Preferably, the dimension of the vector Yt in step 3.4 is the sum of the number of residents a and the number of activities b.
The invention has the beneficial effects that: the invention uses an end-to-end method, and avoids the process that the traditional machine learning method needs to manually make characteristics and distinguish a training set test set. The invention uses a time attention mechanism to enable the network to pay more attention to the key frame which contributes most to behavior recognition, and can effectively solve the problem of giving equal importance to time sequence data when the deep neural network automatically extracts the characteristics. The invention uses the improved Transformer structure model, and the tasks only need to be classified, so that the decoder structure in the original model is deleted, and the accuracy of user and activity identification is improved by a more simplified framework. The invention can realize the identification of a plurality of users and simultaneously output the corresponding activity of each user.
Drawings
FIG. 1 is a schematic overall flow diagram of an embodiment of the present invention;
FIG. 2 is a schematic diagram of sliding window sampling according to an embodiment of the present invention;
FIG. 3 is a schematic view of a model of an attention mechanism according to an embodiment of the present invention;
fig. 4 is a schematic structural diagram of an Encoder of the Encoder in the embodiment of the present invention.
Detailed Description
The invention is further described below with reference to the accompanying drawings and examples.

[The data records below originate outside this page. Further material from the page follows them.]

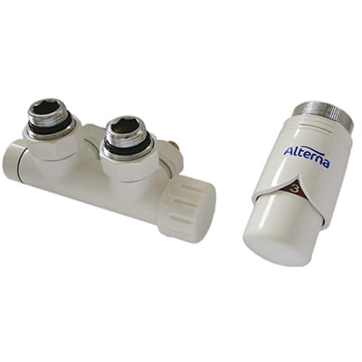 ALTERNA ZESTAW ZAWORÓW GRZEJNIKOWYCH DUOPLEX Z TERMOSTATEM BIAŁY CU LEWY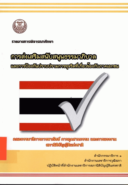 รายงานการพิจารณาศึกษาการส่งเสริมสนับสนุนธรรมาภิบาลและการป้องกันปราบปรามการทุจริตที่เกี่ยวข้องกับภาคเอกชน ของคณะกรรมาธิการการพาณิชย์ การอุตสาหกรรม และการแรงงาน สภานิติบัญญัติแห่งชาติ / สำนักกรรมาธิการ 1 สำนักงานเลขาธิการวุฒิสภาปฏิบัติหน้าที่สำนักงานเลขาธิการสภานิติบัญญัติแห่งชาติ.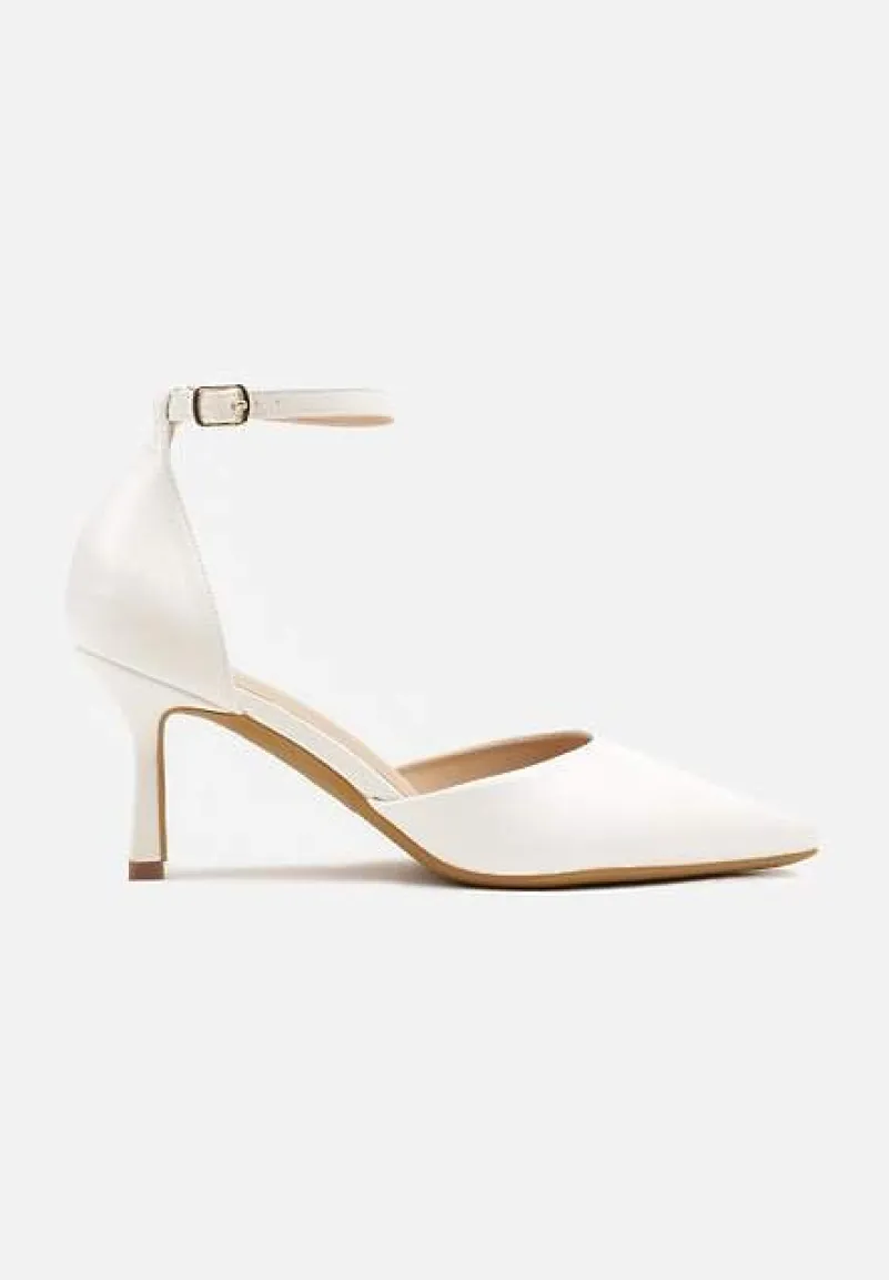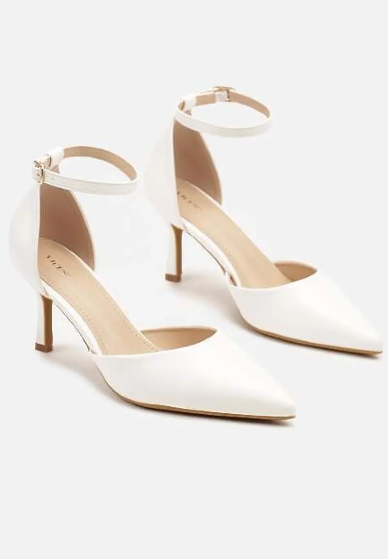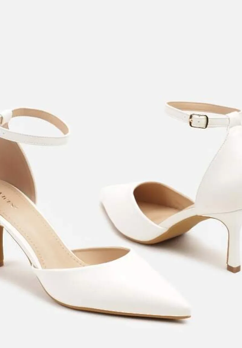 Białe Czółenka Vices na Szpilkowym Obcasie z Noskiem w Szpic i Sprzączką Ulandorea
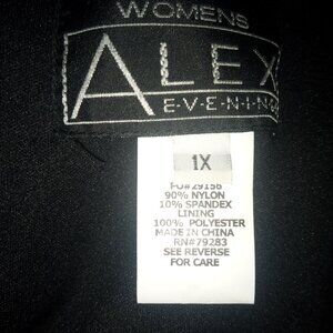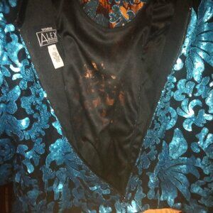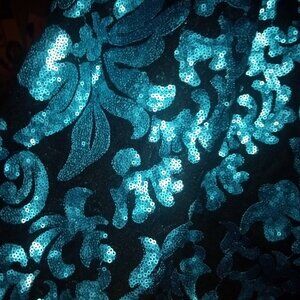 New w/o tags. Gorgeous blue/black/mesh/sequins. Zipper closure in back. Pleated, lined. Long, mesh sleeves, vibrant blue flower design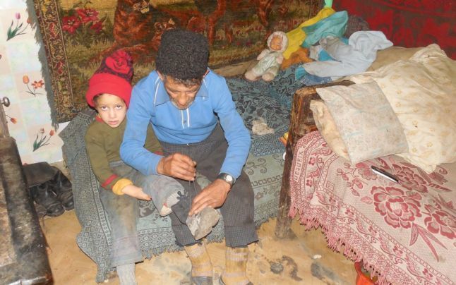 Bunicul grijuliu traieste impreuna cu cele trei fete intr-o camera extrem de modesta intr-o casa din chirpici care ar putea in orice clipa sa se darame.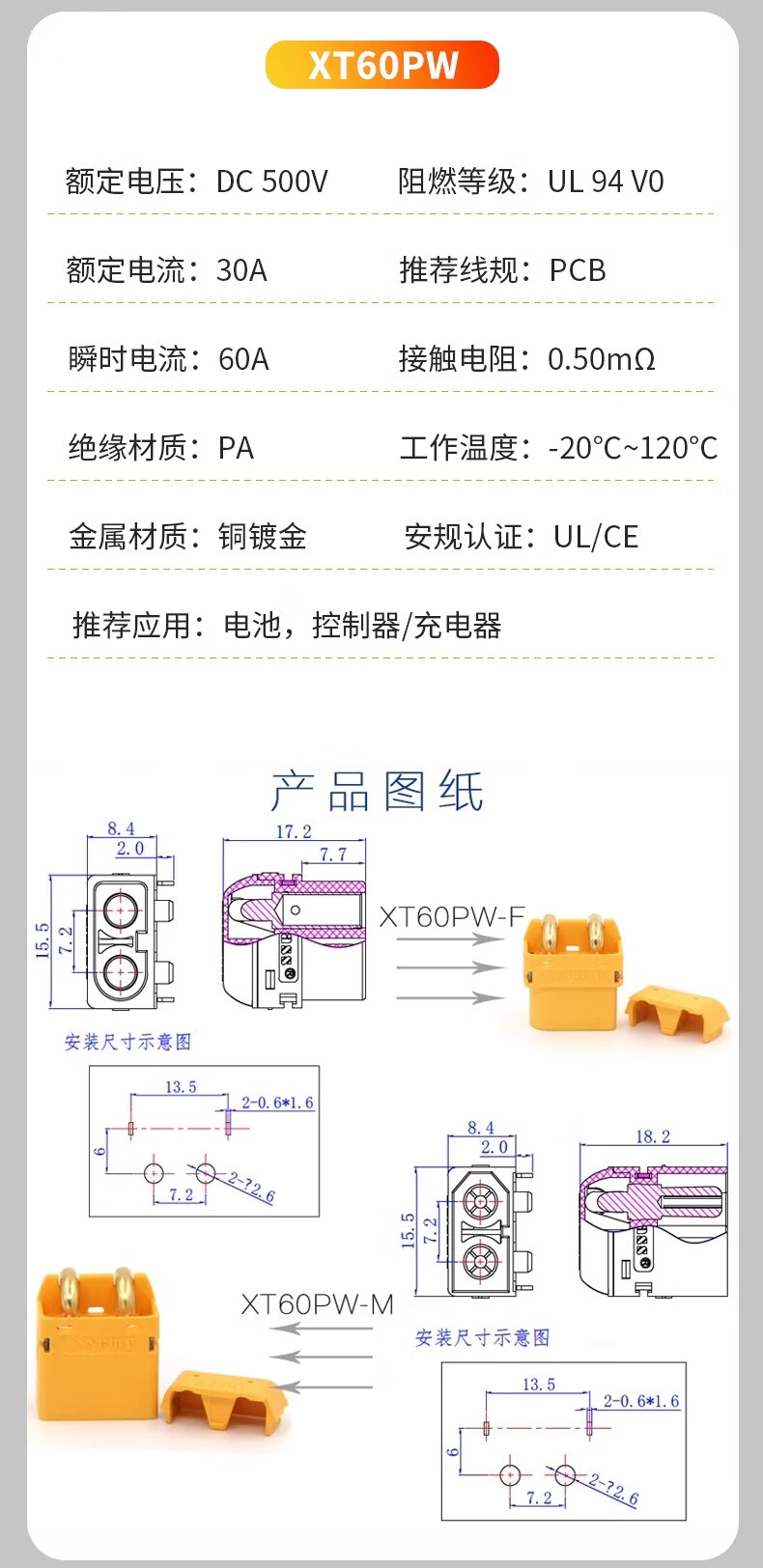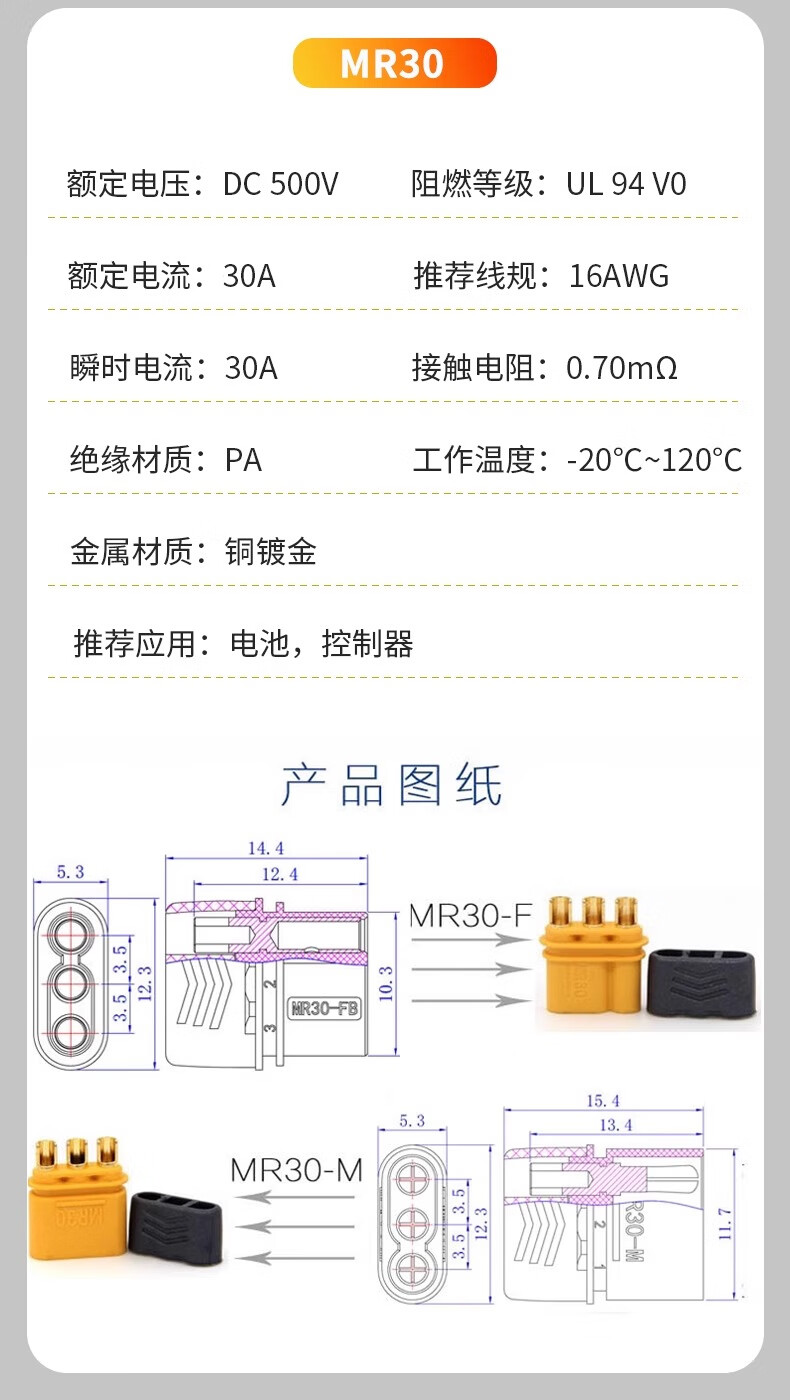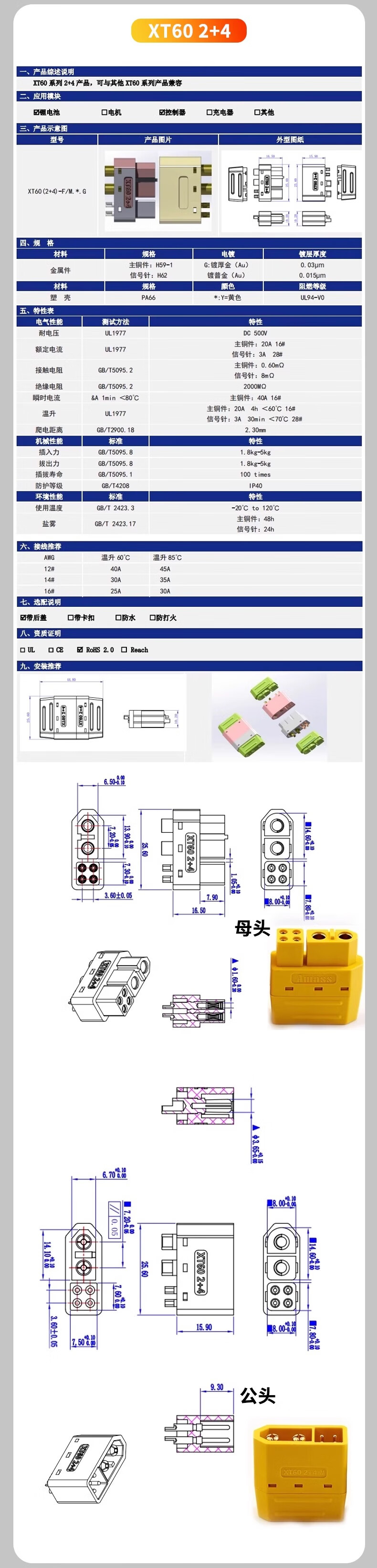 Zave connector XT90H male (with sheath)

A multi-person behavior identification method based on a Transformer network comprises the following steps:
step 1, collecting an environment sensor data set, taking sensor data based on a time sequence as input, entering a model, and sampling through a sliding window with a fixed size; the specific method of step 1 comprises:
step 1.1, arranging an environmental sensor in a measured space region, and collecting user behavior data;
step 1.2, the collected environmental sensor data is represented by ON or OFF, wherein ON represents that the sensor is triggered, and OFF represents that the sensor is not triggered;
step 1.3, screening original data, removing data with the attribute of OFF, reserving data with the attribute of ON, taking each ON data as an event, and arranging the screened ON data according to a time sequence to form time sequence data;
step 1.4, segmenting the time sequence data obtained in the step 1.3 to obtain a data slice sample; the specific method comprises the following steps: arranging the screened data with ON attributes according to a time sequence to form a group of time sequence data; and acquiring original information on the time sequence data by using a sliding window with a preset fixed size, wherein the acquired result of the sliding window is used as a data slice sample. The predetermined fixed size sliding window size k is an empirical parameter.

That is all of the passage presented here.